_WHAT YOU HAVE TO DO_
Output exactly the lines below, starting with the line that has "Пресс гидравлический ручной" and going on through the line that has "立体ローズ刺繍レースサテンカップブラジャー&ショーツ2点セットの詳細画像", both included, and no other lines.

_INPUT RECORDS_
========

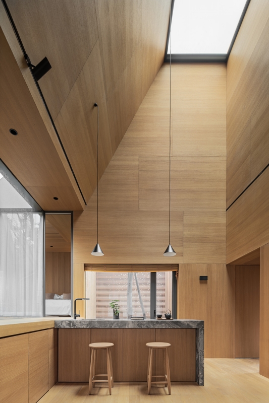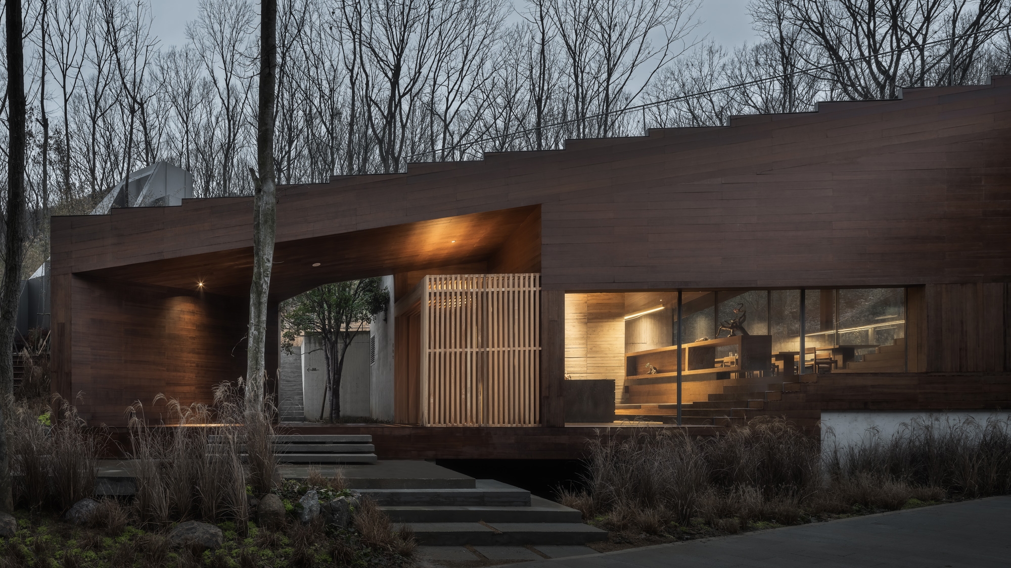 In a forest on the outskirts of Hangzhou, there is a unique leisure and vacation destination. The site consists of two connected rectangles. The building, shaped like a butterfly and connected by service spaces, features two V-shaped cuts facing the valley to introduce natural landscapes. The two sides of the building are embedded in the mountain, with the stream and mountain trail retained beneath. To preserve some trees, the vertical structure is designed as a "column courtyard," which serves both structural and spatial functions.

========

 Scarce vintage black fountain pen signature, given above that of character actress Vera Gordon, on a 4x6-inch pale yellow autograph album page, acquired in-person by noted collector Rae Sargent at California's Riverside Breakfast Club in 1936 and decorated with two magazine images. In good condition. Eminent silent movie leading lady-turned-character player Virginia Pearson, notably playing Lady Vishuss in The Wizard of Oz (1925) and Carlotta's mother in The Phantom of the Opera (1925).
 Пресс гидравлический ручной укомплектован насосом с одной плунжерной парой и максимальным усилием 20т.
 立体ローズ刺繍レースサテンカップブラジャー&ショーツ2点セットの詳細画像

========

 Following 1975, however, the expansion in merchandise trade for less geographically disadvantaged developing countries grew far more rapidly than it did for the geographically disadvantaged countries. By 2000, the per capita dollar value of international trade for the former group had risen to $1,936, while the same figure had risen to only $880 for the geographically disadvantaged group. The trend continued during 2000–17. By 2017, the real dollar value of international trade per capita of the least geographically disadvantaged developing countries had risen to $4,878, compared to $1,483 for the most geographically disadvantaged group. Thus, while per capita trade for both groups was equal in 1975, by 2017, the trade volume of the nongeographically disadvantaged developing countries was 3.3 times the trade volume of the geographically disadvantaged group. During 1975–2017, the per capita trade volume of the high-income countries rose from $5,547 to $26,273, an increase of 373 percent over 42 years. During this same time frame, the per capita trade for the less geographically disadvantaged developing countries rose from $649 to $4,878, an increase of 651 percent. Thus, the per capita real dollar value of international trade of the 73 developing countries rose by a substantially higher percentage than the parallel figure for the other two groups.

========

_TASK RESULT_
 Пресс гидравлический ручной укомплектован насосом с одной плунжерной парой и максимальным усилием 20т.
 立体ローズ刺繍レースサテンカップブラジャー&ショーツ2点セットの詳細画像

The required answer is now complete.